2
votes

I've written a script that transfers local files into a folder structure on a remote FTP server with PHP. I'm currently using ftp_connect() to connect to the remote server and ftp_put() to transfer the file, in this case, a CSV file.

My question is, how would one verify that a file's contents (on the remote FTP server) are not a duplicate of the local file's contents? Is there any way to parse the contents of the remote file in question, as well as a local version and then compare them using a PHP function?

I have tried comparing the filesizes of the local file using filesize() and the remote file using ftp_size(), respectively. However, even with different data, but the same number of characters it generates a false positive for duplication as the file-sizes are the same number of bytes.

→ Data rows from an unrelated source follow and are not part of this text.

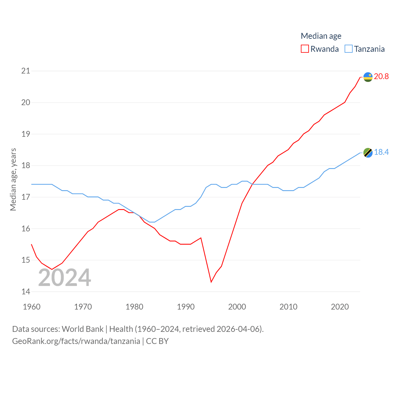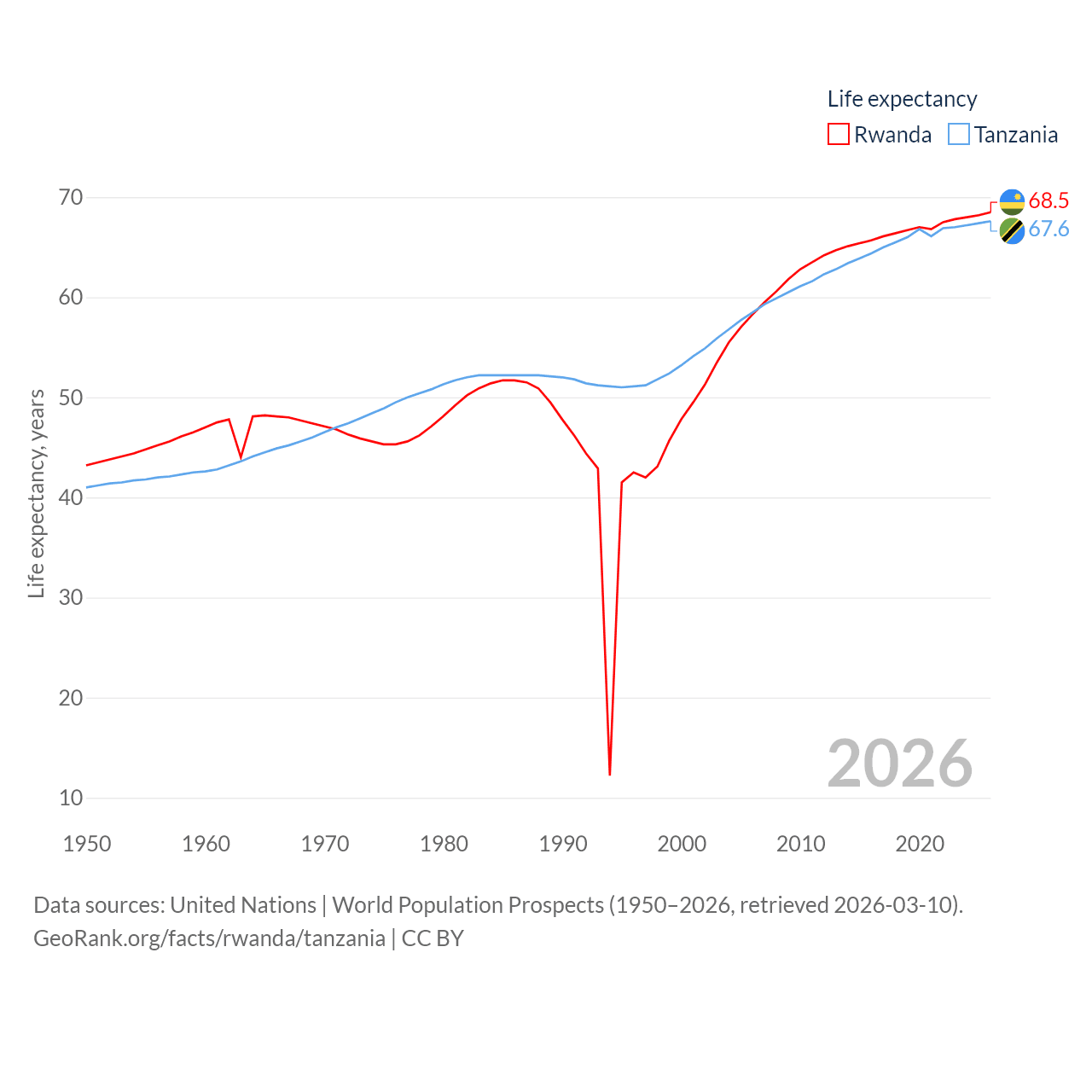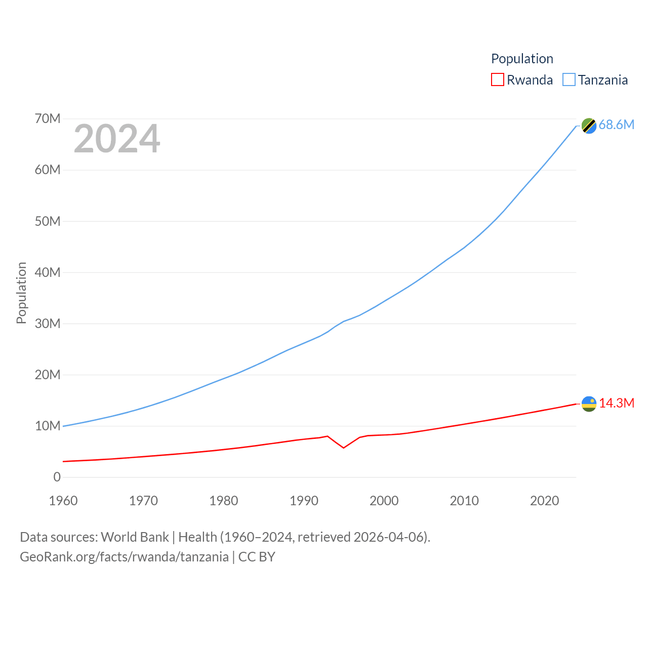 Rwanda has a population of 14.3M (ranked 77/197), compared with 68.6M in Tanzania (ranked 22/197). Rwanda's land area is 9,525 sq mi versus 342,009 sq mi for Tanzania (ranked 146th vs. 31st).
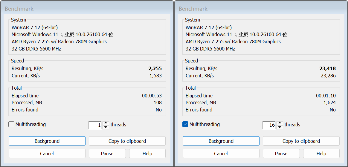 ▲WINRAR 7.12单线程和多线程测试。
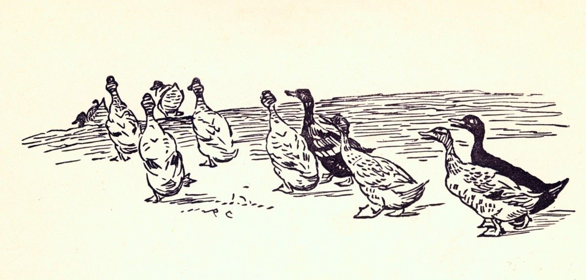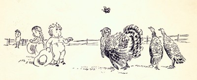 | With a Gobble-gobble here, and a Gobble-gobble there, | |
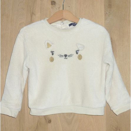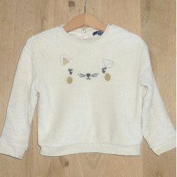 Sweat tout doux de marque KIABI en excellent état, couleur crème, orné d'une animation ludique.
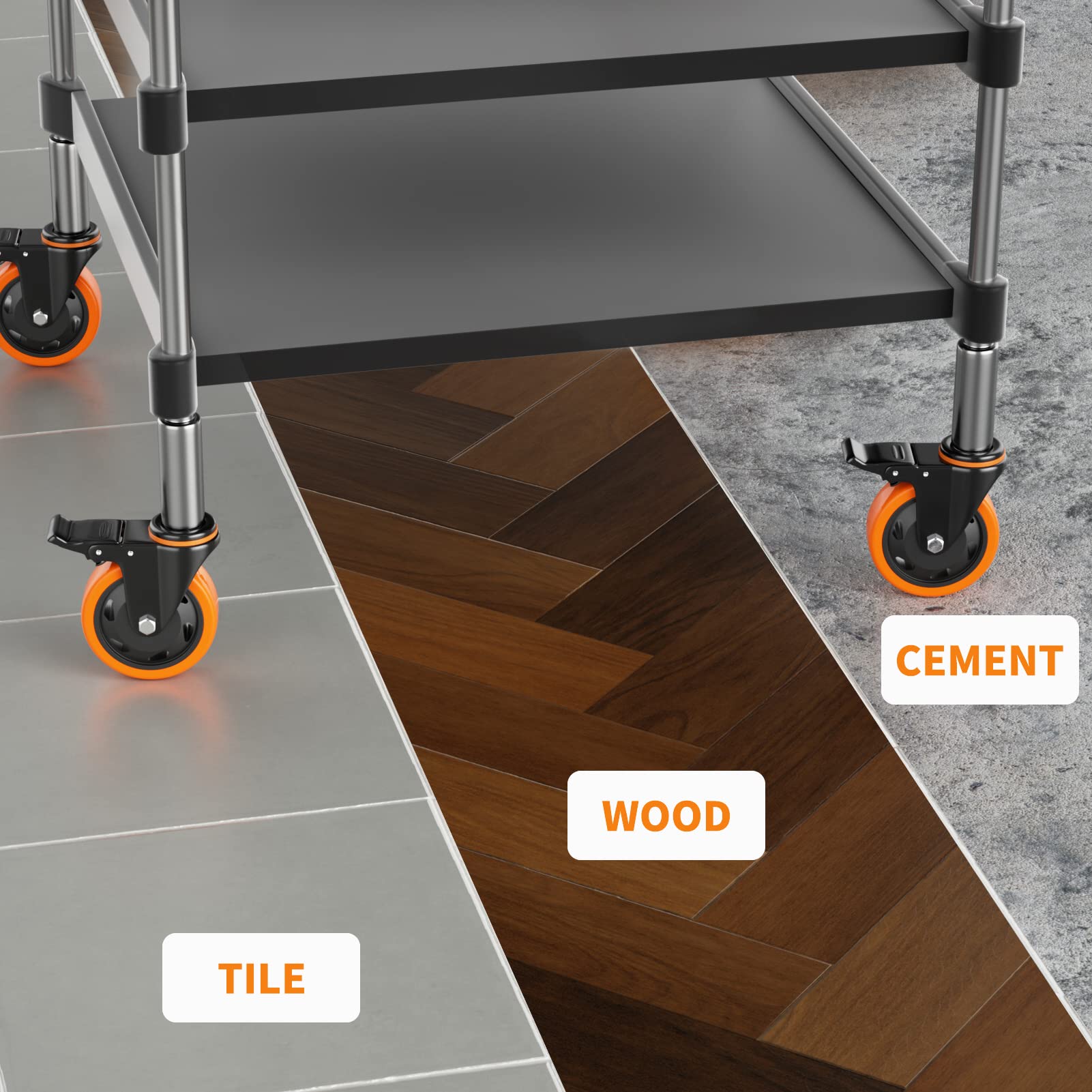 QUIET MOVEMENT ON HARD FLOORS: The wheels for cart are adopted non-marking polyurethane as its main material, won't harm your wooden floor, no noise, the surface of the rubber stem casters is soft and better protects the ground. The casters set of 4 have a better performance of durability, shock absorption and quiet rolling operation.
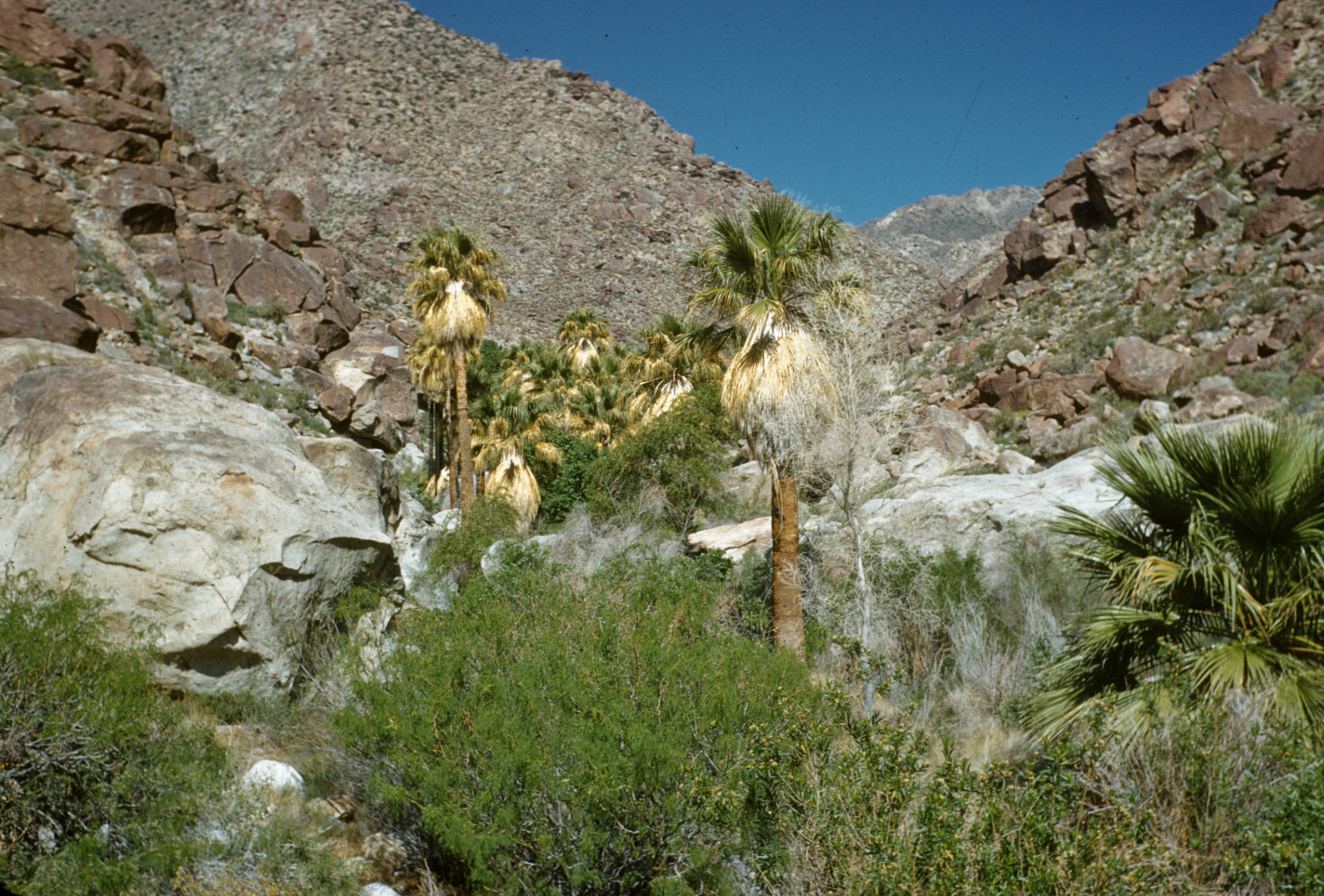 « back to search palm oasis, Palm Canyon, Borrego Date April 4, 1953 Media FormatSlide PhotographerHugh Dearing Location Information Place Name Borrego Palm Canyon Country: United States State: California County: San Diego Natural Landscapes Plant Community Palm Oasis Terrain Canyons/Arroyos Image & Format Details Decade1950s Photo OrientationLandscape Image & Format Tags Color photograph Collection Hugh and Margaret Dearing Collection Index NumberSL_15557 Film Type Kodachrome
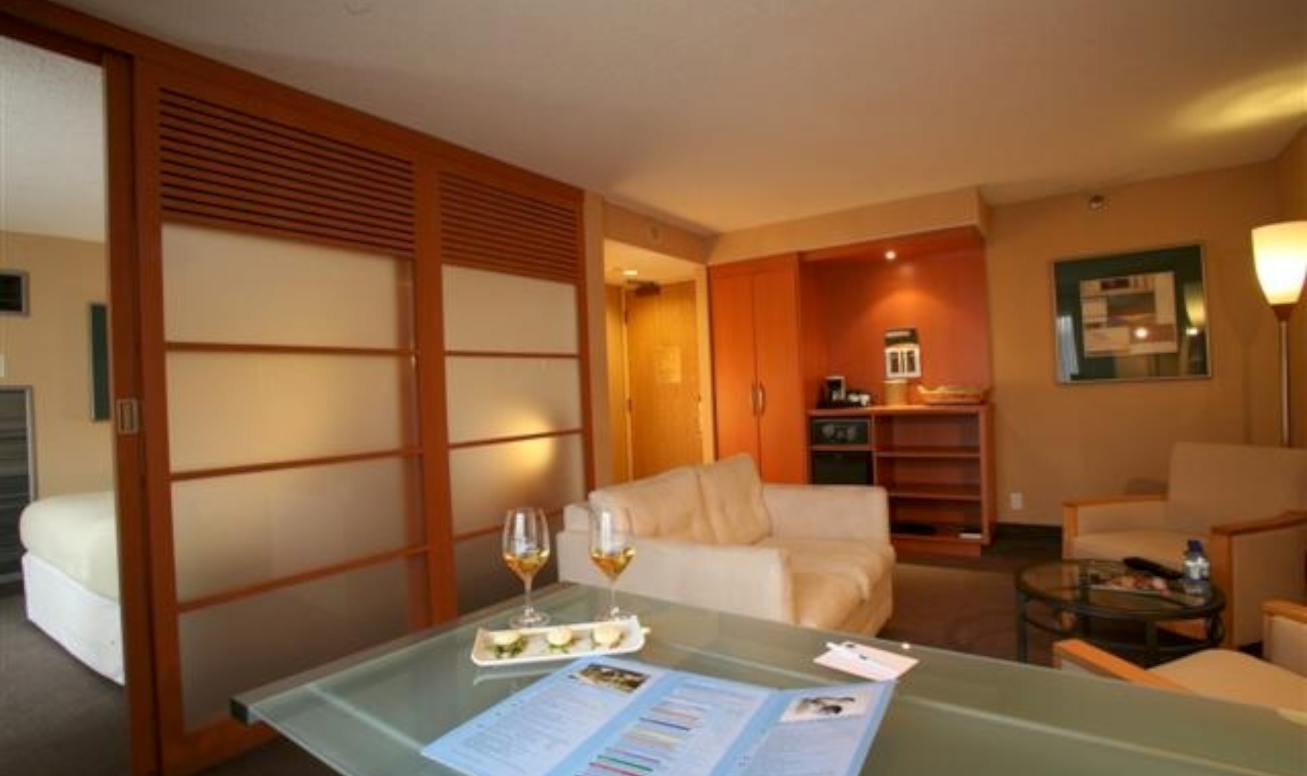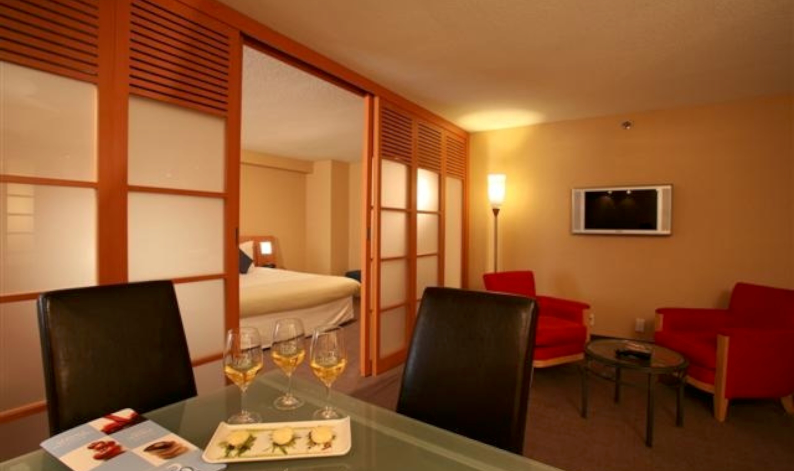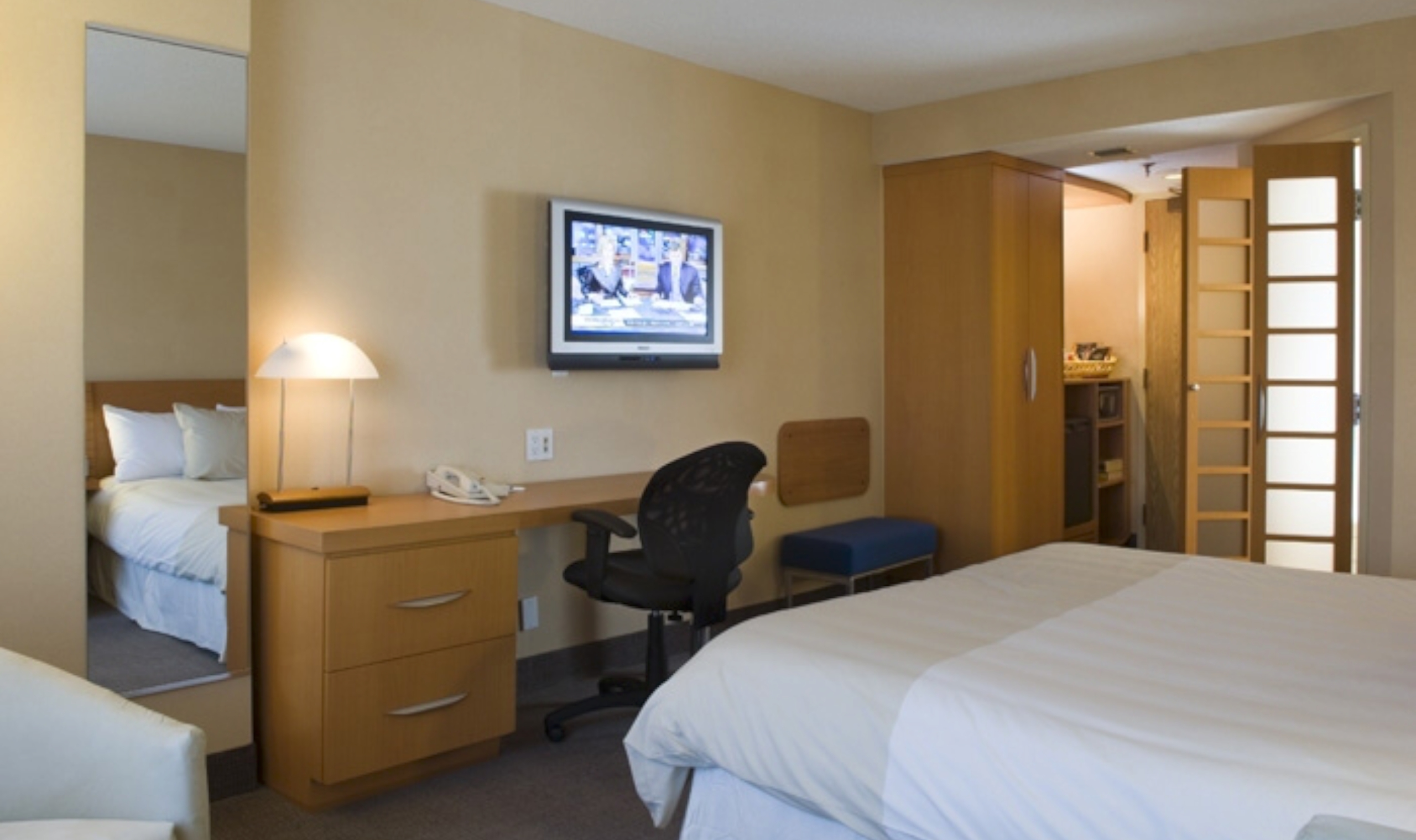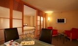 Rooms are spacious with light wood furnishings, and crisp white linens. Choose a superior room or upgrade to an executive room with a separate bedroom, free wifi and a bar area.

Please note, the FTP in question is not under my control, so I can't put any scripts on the remote server.

Update

Thanks to both Mark and gafreax, here is the final working code:

$temp_local_file = fopen($conf['absolute_installation_path'] . 'data/temp/ftp_temp.csv', 'w');
if ( ftp_fget($connection, $temp_local_file, $remote_filename, FTP_ASCII) ) {
    $temp_local_stream = file_get_contents($conf['absolute_installation_path'] . 'data/temp/ftp_temp.csv');
    $local_stream = file_get_contents($conf['absolute_installation_path'] . $local_filename);
    $temp_hash = md5($temp_local_stream);
    $local_hash = md5($local_stream);
    if($temp_hash !== $local_hash) {
        $remote_file_duplicate = FALSE;
    } else {
        $remote_file_duplicate = TRUE;
    }                       
}
2
You ask "...is there any way to parse the contents of the remote file in question". You could download the file to the local disk and MD5-checksum them, but what would be the point? You might as well just upload your local file rather than download the remote one and check they differ before having to upload the local one anyway. So, I am guessing you don't want to just upload the local file because it is too big, correct? - Mark Setchell
Thanks Mark, no the local file isn't too big, but I was trying to avoid unnecessarily uploading a duplicate file, as the script will be running on a frequent basis, and the modified times on the remote server are important. If the data hasn't changed, then why overwrite the remote file? - Paul Macey

2 Answers

1
votes

You can use hashing function like md5 and check against two generated md5 if they match.

For example:

 $a = file_get_contents('a_local');
 $b = file_get_contents('b_local');
 $a_hash = md5($a);
 $b_hash = md5($b);
 if($a_hash !== $b_hash) 
    echo "File differ";
 else 
    echo "File are the same";

The md5 function is useful to avoid problem on reading strange data on file

1
votes

You could also compare the last modified time of each file. You'd upload the local file only if it is more recent than the remote one. See filemtime and ftp_mdtm. Both of those return a UNIX timestamp you can easily compare. This is faster than getting the file contents and calculating a hash.